"""

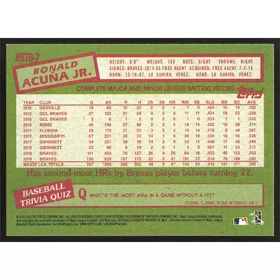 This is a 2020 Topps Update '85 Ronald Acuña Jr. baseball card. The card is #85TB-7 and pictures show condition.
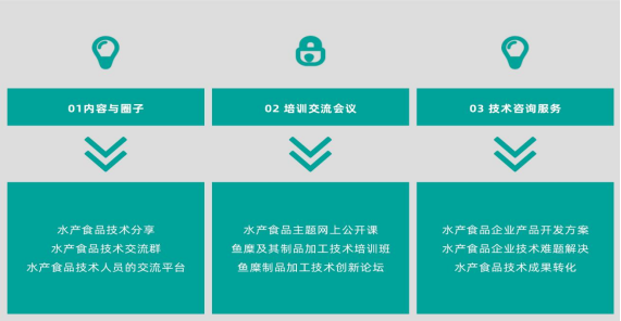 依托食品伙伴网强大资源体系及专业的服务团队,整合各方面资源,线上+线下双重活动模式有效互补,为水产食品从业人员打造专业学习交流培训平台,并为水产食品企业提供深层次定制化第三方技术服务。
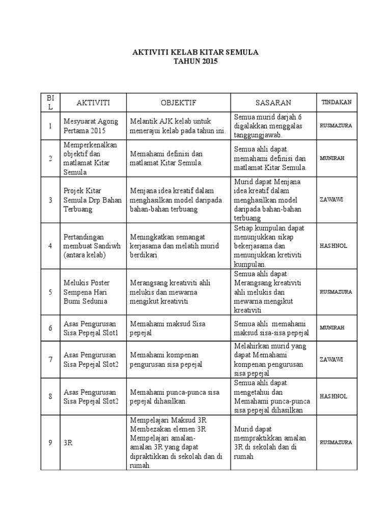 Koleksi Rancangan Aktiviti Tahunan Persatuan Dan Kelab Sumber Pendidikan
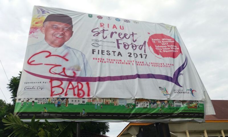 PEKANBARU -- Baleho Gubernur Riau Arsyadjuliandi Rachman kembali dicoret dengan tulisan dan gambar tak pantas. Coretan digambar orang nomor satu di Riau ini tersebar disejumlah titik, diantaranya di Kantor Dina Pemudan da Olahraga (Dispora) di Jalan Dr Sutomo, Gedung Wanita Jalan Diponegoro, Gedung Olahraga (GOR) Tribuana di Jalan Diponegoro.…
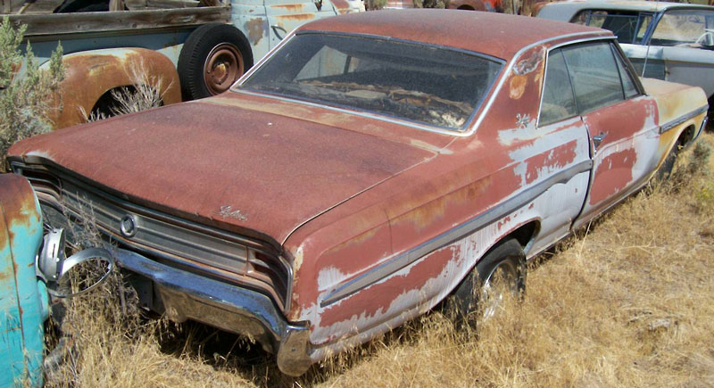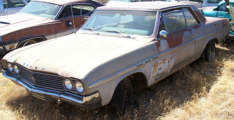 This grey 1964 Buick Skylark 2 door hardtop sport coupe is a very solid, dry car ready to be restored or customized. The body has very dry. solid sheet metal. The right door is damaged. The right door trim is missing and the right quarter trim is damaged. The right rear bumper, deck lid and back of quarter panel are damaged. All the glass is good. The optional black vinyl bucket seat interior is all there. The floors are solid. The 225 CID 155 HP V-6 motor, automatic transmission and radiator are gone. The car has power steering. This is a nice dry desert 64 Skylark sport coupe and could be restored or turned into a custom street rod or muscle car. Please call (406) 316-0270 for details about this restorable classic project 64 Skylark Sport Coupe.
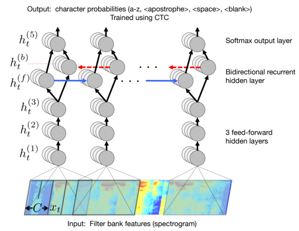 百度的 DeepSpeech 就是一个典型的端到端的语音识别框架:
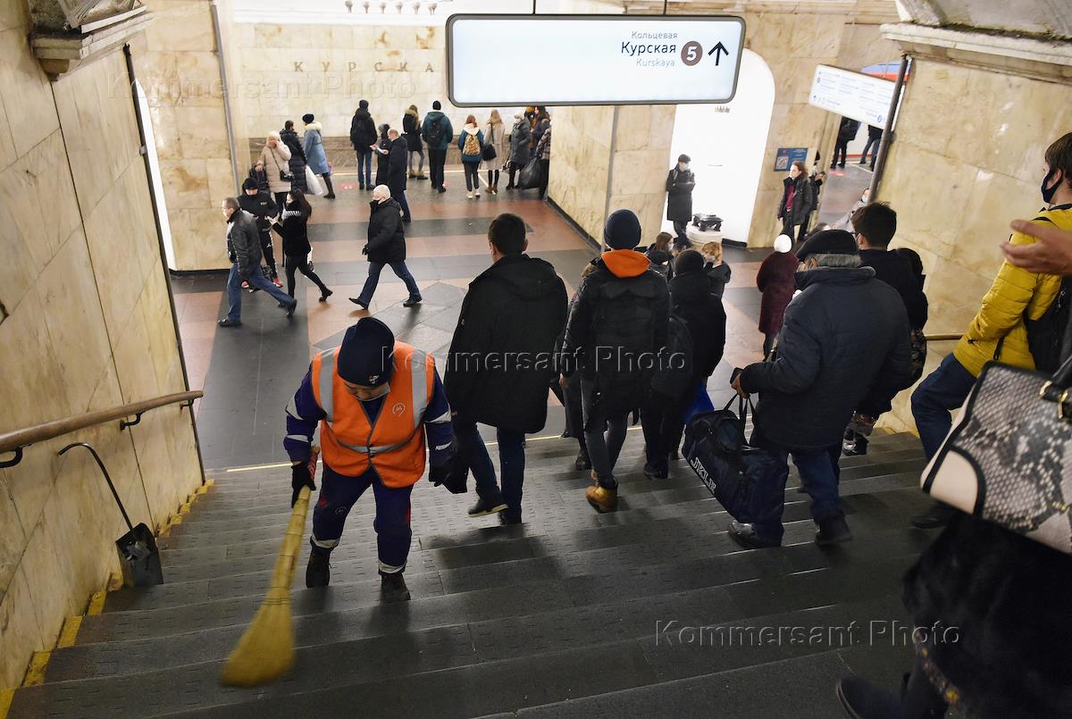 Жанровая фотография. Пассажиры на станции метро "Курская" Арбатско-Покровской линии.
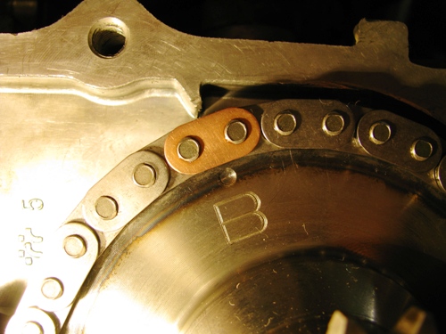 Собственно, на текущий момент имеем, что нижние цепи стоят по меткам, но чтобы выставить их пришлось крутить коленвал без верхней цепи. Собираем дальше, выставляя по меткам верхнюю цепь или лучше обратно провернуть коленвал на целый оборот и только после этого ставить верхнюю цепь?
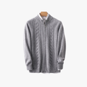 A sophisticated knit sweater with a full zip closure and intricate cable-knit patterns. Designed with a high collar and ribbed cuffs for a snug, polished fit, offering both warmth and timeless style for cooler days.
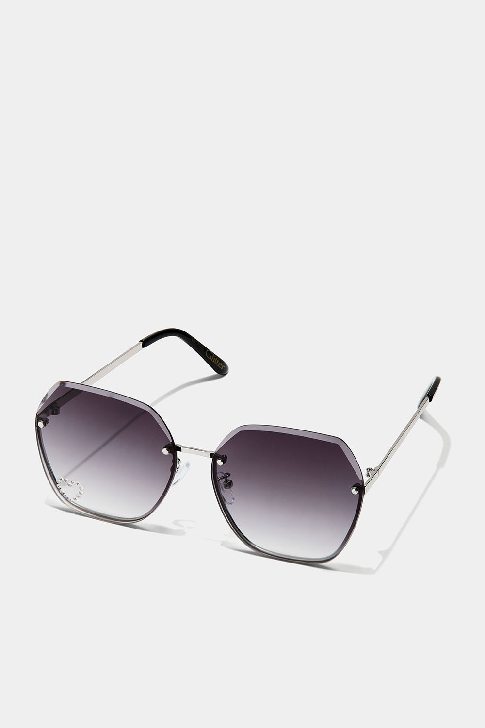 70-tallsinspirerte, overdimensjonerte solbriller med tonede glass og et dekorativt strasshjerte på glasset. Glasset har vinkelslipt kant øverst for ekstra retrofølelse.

"""
"""

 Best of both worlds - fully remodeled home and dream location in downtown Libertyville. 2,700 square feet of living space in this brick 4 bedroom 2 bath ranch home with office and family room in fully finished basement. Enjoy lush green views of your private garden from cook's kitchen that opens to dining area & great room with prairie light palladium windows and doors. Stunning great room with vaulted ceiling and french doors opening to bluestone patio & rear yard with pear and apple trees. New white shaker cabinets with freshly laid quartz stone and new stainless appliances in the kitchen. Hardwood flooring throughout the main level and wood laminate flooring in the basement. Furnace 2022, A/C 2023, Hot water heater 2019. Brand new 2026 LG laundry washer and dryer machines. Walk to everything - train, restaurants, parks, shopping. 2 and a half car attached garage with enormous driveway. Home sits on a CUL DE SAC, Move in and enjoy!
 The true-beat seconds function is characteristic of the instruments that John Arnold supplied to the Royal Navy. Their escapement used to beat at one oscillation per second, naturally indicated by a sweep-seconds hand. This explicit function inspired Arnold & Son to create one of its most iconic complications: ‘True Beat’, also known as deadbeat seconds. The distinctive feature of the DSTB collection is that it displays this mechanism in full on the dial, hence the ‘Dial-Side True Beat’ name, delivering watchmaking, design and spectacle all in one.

"""

Look above for the line containing "This is a 2020", then copy exactly from it through the line containing "A sophisticated knit", keeping both and leaving out pictures. Add nothing else.

 This is a 2020 Topps Update '85 Ronald Acuña Jr. baseball card. The card is #85TB-7 and pictures show condition.
 依托食品伙伴网强大资源体系及专业的服务团队,整合各方面资源,线上+线下双重活动模式有效互补,为水产食品从业人员打造专业学习交流培训平台,并为水产食品企业提供深层次定制化第三方技术服务。
 Koleksi Rancangan Aktiviti Tahunan Persatuan Dan Kelab Sumber Pendidikan
 PEKANBARU -- Baleho Gubernur Riau Arsyadjuliandi Rachman kembali dicoret dengan tulisan dan gambar tak pantas. Coretan digambar orang nomor satu di Riau ini tersebar disejumlah titik, diantaranya di Kantor Dina Pemudan da Olahraga (Dispora) di Jalan Dr Sutomo, Gedung Wanita Jalan Diponegoro, Gedung Olahraga (GOR) Tribuana di Jalan Diponegoro.…
 This grey 1964 Buick Skylark 2 door hardtop sport coupe is a very solid, dry car ready to be restored or customized. The body has very dry. solid sheet metal. The right door is damaged. The right door trim is missing and the right quarter trim is damaged. The right rear bumper, deck lid and back of quarter panel are damaged. All the glass is good. The optional black vinyl bucket seat interior is all there. The floors are solid. The 225 CID 155 HP V-6 motor, automatic transmission and radiator are gone. The car has power steering. This is a nice dry desert 64 Skylark sport coupe and could be restored or turned into a custom street rod or muscle car. Please call (406) 316-0270 for details about this restorable classic project 64 Skylark Sport Coupe.
 百度的 DeepSpeech 就是一个典型的端到端的语音识别框架:
 Жанровая фотография. Пассажиры на станции метро "Курская" Арбатско-Покровской линии.
 Собственно, на текущий момент имеем, что нижние цепи стоят по меткам, но чтобы выставить их пришлось крутить коленвал без верхней цепи. Собираем дальше, выставляя по меткам верхнюю цепь или лучше обратно провернуть коленвал на целый оборот и только после этого ставить верхнюю цепь?
 A sophisticated knit sweater with a full zip closure and intricate cable-knit patterns. Designed with a high collar and ribbed cuffs for a snug, polished fit, offering both warmth and timeless style for cooler days.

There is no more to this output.